→ Work request
Your answer must be exactly the lines from the one containing "欧米人風あだ名 | 『あづにゃん・ステッグマイヤー』 |" through the end of the material, both ends included, without pictures.

→ Dataset section
>>>
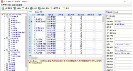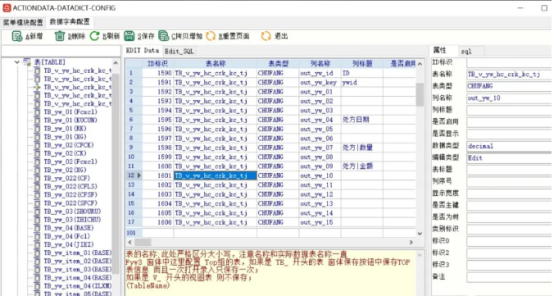 (Actiondata)视作一个系统软件控制模块,一个系统软件中能够随便随便多的控制模块;该表格中的每一行数据信息意味着一个莱单,每一个列意味着一个特性主要参数,参数配置建立这一莱单的作用。在其中‘表’和‘表种类’这两个特性配备了莱单和数据流图表(dictdata)的关系
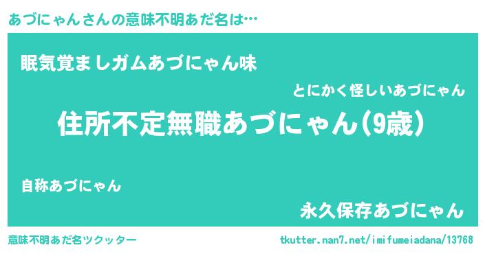 | 欧米人風あだ名 | 『あづにゃん・ステッグマイヤー』 |
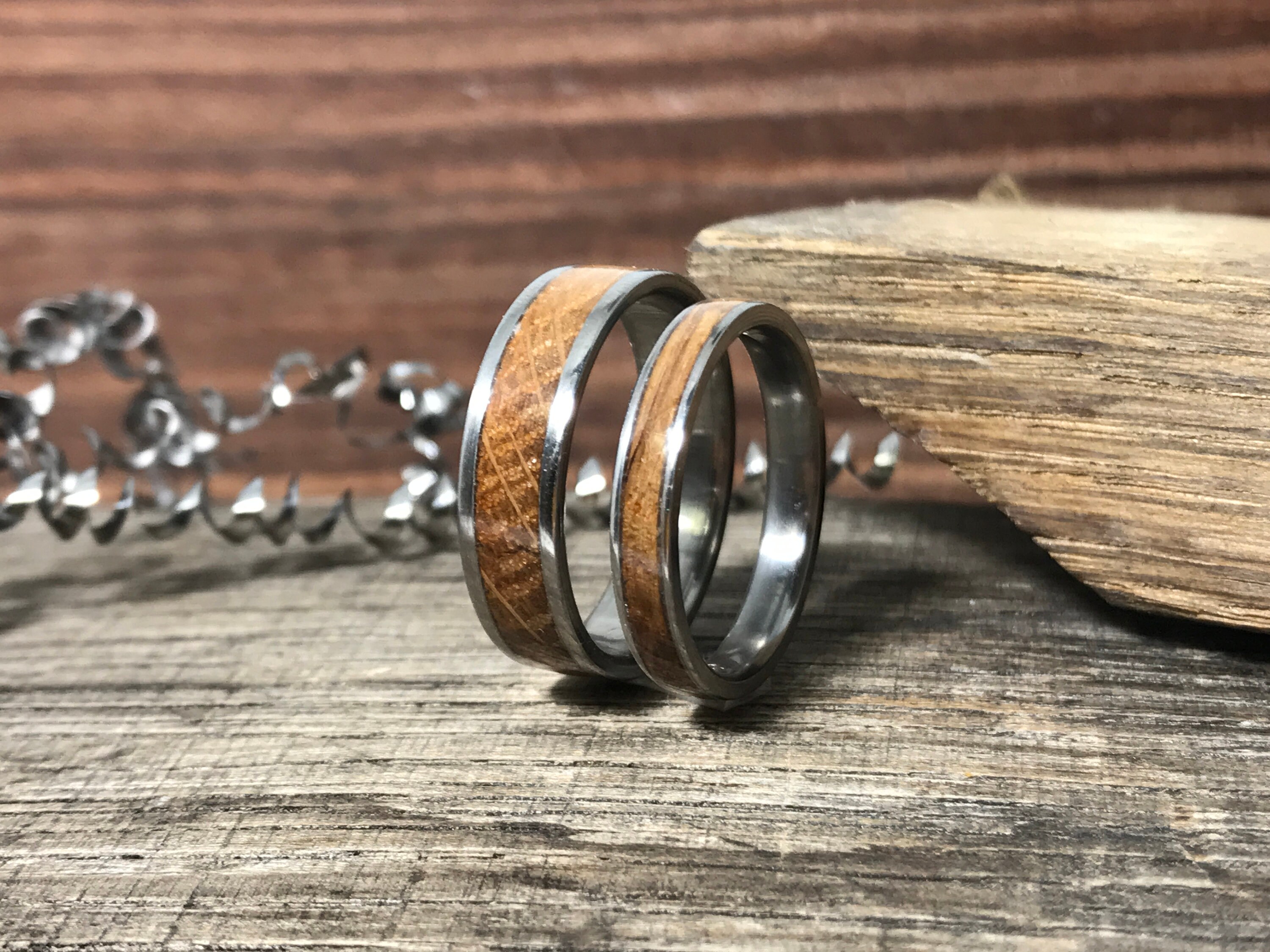 Whiskey Barrel Wood Rings Wedding Bands Set 5th Anniversary Gift Titanium Ring For Men Etsy De
<<<
→ Response
 | 欧米人風あだ名 | 『あづにゃん・ステッグマイヤー』 |
 Whiskey Barrel Wood Rings Wedding Bands Set 5th Anniversary Gift Titanium Ring For Men Etsy De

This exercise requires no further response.